Well I am unsqueezing the third dimension so my tensor is [batch_size x seq_len x 1] sized, and send in a mask along with it with dimensions [batch_size*nheads, seq_len,seq_len].

This gets me the error:

AssertionError: Expected `attn_mask`

shape to be (5, 8, 8) but got torch.Size([40, 100, 100])

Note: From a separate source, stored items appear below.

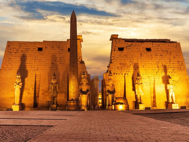 古代都市テーベ時代に建立されたエジプト遺跡、ルクソール神殿のナイトツアー!光に照らされライトアップした姿は、昼間とはまた違う美しさで心惹かれる光景に変わります。幻想的な雰囲気に包まれながら、日本語ガイドの解説で古代エジプトの歴史を辿ります。
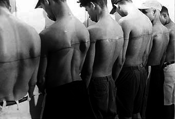 Santiago Sierra, 250 cm Line Tattooed on 6 Paid People, 1991
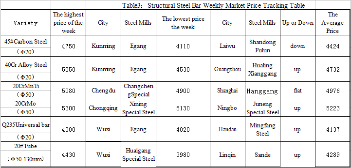 1. Price Tracking of Structural Steel Bar in a Week(unit: RMB yuan/ ton)
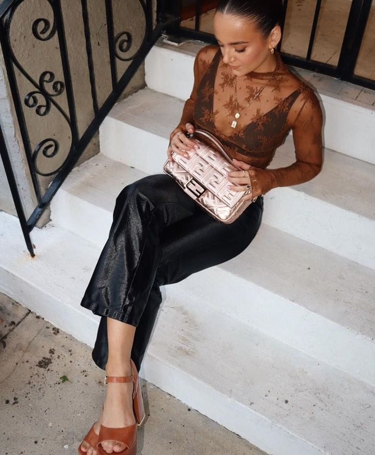 11. Sheer Brown Lace Long-Sleeve Top with Leather Pants
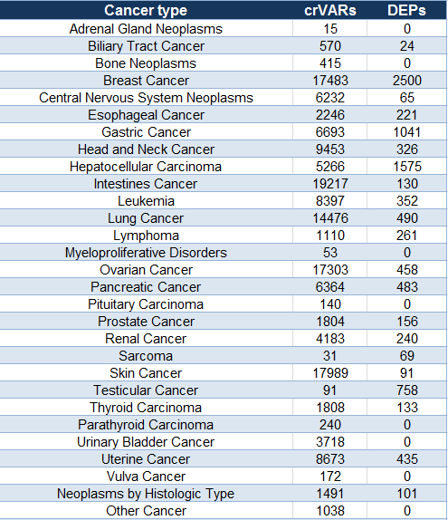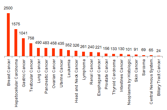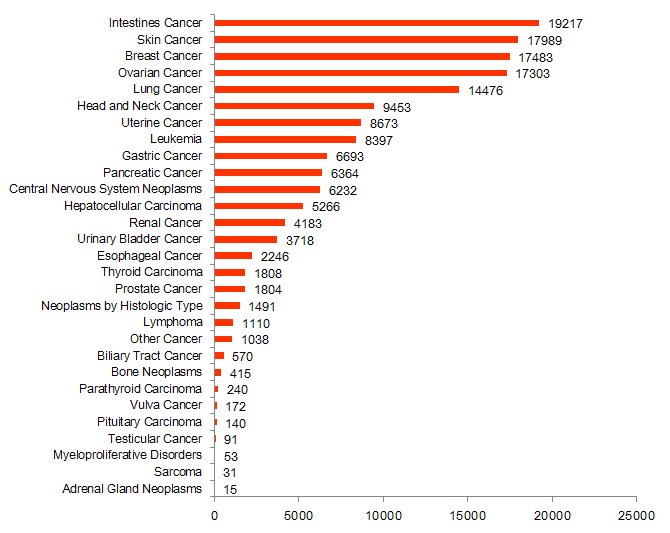 Cancer type The cancer type are as follows: Adrenal Gland Neoplasms; Biliary Tract Cancer; Breast Cancer(breast ductal carcinoma); Central Nervous System Neoplasms(Brain Cancer); Esophageal Cancer; Gastric Cancer; Head and Neck Cancer(Oral Cancer; Oral Premalignant Lesions); Hepatocellular Carcinoma(hepatitis C virus; hepatitis B virus); Intestines Cancer(Colorectal Cancer); Leukemia(chronic myeloid leukemia; chronic lymphocytic leukemia; acute myeloid leukemia; acute lymphocytic leukemia); Lung Cancer(Non-small cell lung carcinoma; Small cell lung carcinoma); Lymphoma; Myeloproliferative Disorders; Ovarian Cancer; Pancreatic Cancer(pancreatic ductal adenocarcinoma); Pituitary Carcinoma; Prostate Cancer; Renal Cancer; Sarcoma; Skin Cancer(Melanoma; Nonmelanoma); Testicular Cancer; Thyroid Carcinoma(papillary thyroid carcinoma; follicular thyroid carcinoma; follicular thyroid adenoma); Urinary Bladder Cancer; Uterine Cancer; Neoplasms by Histologic Type; Other Cancer.

Note that here nheads is 5 batch size is 8 seq_le 100, so actually the wanted size is [nheads, batch,batch], but that cannot be right.

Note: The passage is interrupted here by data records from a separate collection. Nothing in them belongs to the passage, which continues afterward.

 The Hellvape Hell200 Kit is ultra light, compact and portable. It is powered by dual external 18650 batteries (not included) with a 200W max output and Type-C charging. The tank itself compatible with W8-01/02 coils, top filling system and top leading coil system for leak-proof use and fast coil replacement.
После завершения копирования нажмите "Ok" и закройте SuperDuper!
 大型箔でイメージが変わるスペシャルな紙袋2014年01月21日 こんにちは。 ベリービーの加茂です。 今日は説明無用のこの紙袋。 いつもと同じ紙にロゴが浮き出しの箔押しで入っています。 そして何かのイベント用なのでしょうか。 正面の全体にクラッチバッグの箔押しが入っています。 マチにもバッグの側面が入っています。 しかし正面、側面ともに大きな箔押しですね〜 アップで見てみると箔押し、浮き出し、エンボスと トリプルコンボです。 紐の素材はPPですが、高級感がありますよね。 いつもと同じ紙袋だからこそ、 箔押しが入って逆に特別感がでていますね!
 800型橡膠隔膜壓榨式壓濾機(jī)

If I don’t unsqueeze and send in my data as batc_size x seq_len, and my mask as [nheahs*batch_size,seq_len] then I run into:

RuntimeError: The shape of the 2D attn_mask is torch.Size([40, 100]), but should be (8, 8).

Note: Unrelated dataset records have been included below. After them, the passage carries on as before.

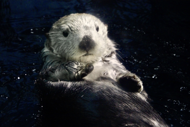 ぷかぷかと水面に浮かぶラッコ。まるでぬいぐるみのようにかわいい姿には心が和みます。
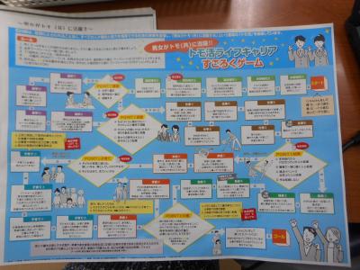 すごろくの中には「進路選択で迷ったら?」「育児と仕事の両立は?」といった身近なテーマが盛り込まれており、生徒たちは楽しみながらも真剣に考えていました。最後には「なぜその選択をしたのか」をふり返りシートに記入し、自分自身を見つめ直す時間も持ちました。
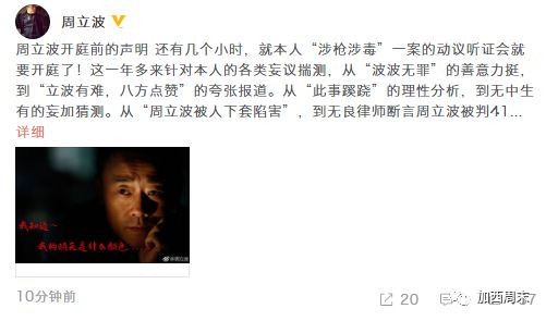 还有几个小时,就本人“涉枪涉毒”一案的动议听证会就要开庭了!这一年多来针对本人的各类妄议揣测,从“波波无罪”的善意力挺,到“立波有难,八方点赞”的夸张报道。从“此事蹊跷”的理性分析,到无中生有的妄加猜测。从“周立波被人下套陷害”,到无良律师断言周立波被判41年……真可谓一石激起千层浪,映照出世间的冷暖、人性的善恶。
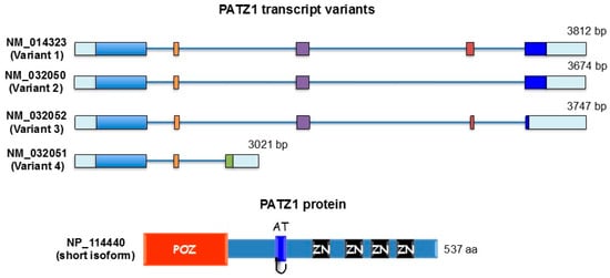 The POZ/BTB and AT-hook-containing Zinc finger protein 1 (PATZ1), also known as MAZ Related factor (MAZR), Zinc finger Sarcoma Gene (ZSG) or Zinc finger Nuclear Factor/Zinc finger protein 278 (ZNF278/Zfp278), is a transcriptional regulatory factor that has been shown to modulate the expression of different genes either negatively or positively depending on the cellular context [1]. It was first discovered by our group as an interacting protein with the RING finger Nuclear Factor 4 (RNF4) with which it cooperates in gene transcriptional regulation [2]. At the same time, two other laboratories came across the study of this gene while looking for proteins interacting with the B-cell and neuron-specific transcription repressor Bach2, a CNC-related bZip factor [3] and studying an intra-chromosomal rearrangement of chromosome 22 occurring in small round cell sarcoma, in which part of the new ZSG gene was found fused to the Ewing Sarcoma gene (EWS) causing loss of function of ZSG and gain of function of EWS [4]. The PATZ1 gene, which maps on human chromosome 22q12, includes six exons and gives rise to four splicing transcript variants ranging from 3021 bp (short isoform) to 3812 bp (Long C isoform) (GenBank accession numbers: NM_014323; NM_032050; NM_032052; NM_032051) coding for four protein isoforms ranging from 537 aa (NP_114440; NP_114441) to 641 aa (NP_114439) and 687 aa (NP_055138) [4] (Figure 1). Structurally, all protein variants are characterized by a Poxvirus and Zinc-finger (POZ)/Broad complex, Tramtrack, and Bric à Brac (BTB) domain at the N-terminus, an AT hook DNA binding motif before the first zinc finger, and a cluster of classical Cys2-His2 zinc fingers (four to six depending on the splicing variant) at the C-terminus [4]. The latter reiterated motif, which presents two conserved cysteine and histidine residue pairs linked to a single zinc ion, is a well known and conserved DNA/RNA binding domain that acts linearly in tandem to allow recognition of nucleic acid sequences of varying length [5]. For this modular organization PATZ1 has been included in a large family of transcription factors, named POZ-ZF or POK, including BCL6, PLZF, TAZ1, and others [6,7], in which the POZ/BTB domain mediates protein-protein interactions, allowing the recruitment of histone deacetylases through co-repressor complexes [7]. Unique in this family of transcription factors is the presence in the PATZ1 protein of an AT-hook, another DNA binding motif that binds DNA through the minor groove, usually cooperating with other DNA binding protein complexes, to play key roles in chromatin-remodeling and transcription regulation [8].
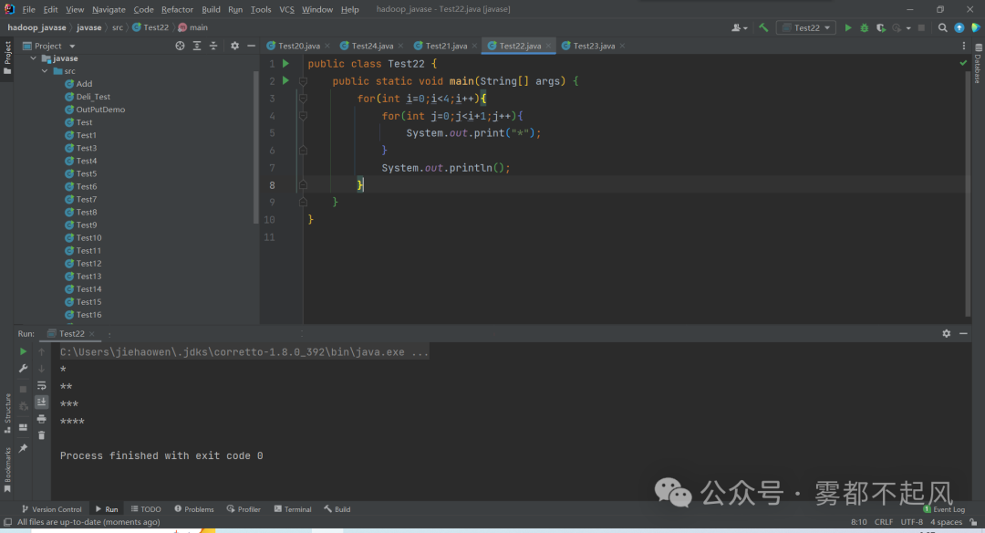 3.public class Test22 { public static void main(String[] args) { for(int i=0;i<4;i++){ for(int j=0;j<i+1;j++){ System.out.print("*"); } System.out.println(); } }}
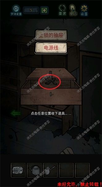 82.切换到下一个场景,点击水壶下面的抽屉,用获得的青色钥匙将抽屉打开,可以获得一条电线。82.1、82.2
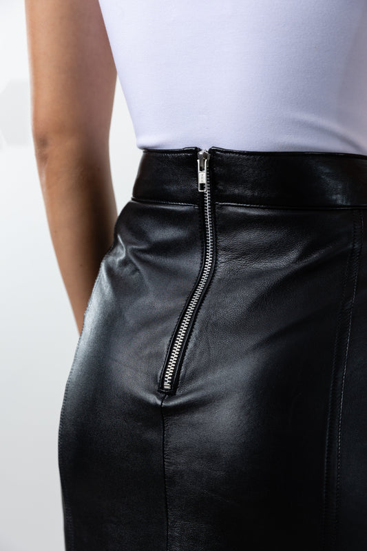 ROME LEATHER HIGH WAISTED KNEE LENGTH SKIRT
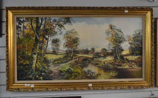 John Corcoran (British b.1940) oil on canvas, a bridge over a stream leading to a village in Autumn, signed lower left, within canvas mount and moulded gilt frame, 49cm x 99cm & 64.5cm x 115cm overall.

Here again the “correct” size is [batch_size x batch_size].

Here is the updated verison of my current data collator:

```
class MyDataCollator(DefaultDataCollator):
def __init__(self,model,mask_prob = 0.15):
self.model_nhead = model.nhead
self.d_model = model.d_model
self.mask_prob = mask_prob
def __call__(self,input):
batch = default_data_collator(input)
# Mask should be size : [batch_size * nhead, seq_len, seq_len], but that doesn't work
batch['src'] = batch['src'].unsqueeze(2)
batch_size = batch['src'].shape[0] #This is now 8 due to low memory of my laptop
seq_len = batch['src'].shape[1] #This is 500, however embedding transforms it into d_model
mask = rand(self.model_nhead * batch_size, self.d_model,self.d_model) < self.mask_prob
batch['src_mask'] = mask
return batch
```

Also your comment on whether I send in batched inputs intrigued me and I followed into the Pytorch code. I found that I get the error from inside an if statement which checks whether my data is 2 or three dimensional, and what is interesting from the 2D branch. So even tho I send in batched inputs somehow Pytorch detects it as unbatched.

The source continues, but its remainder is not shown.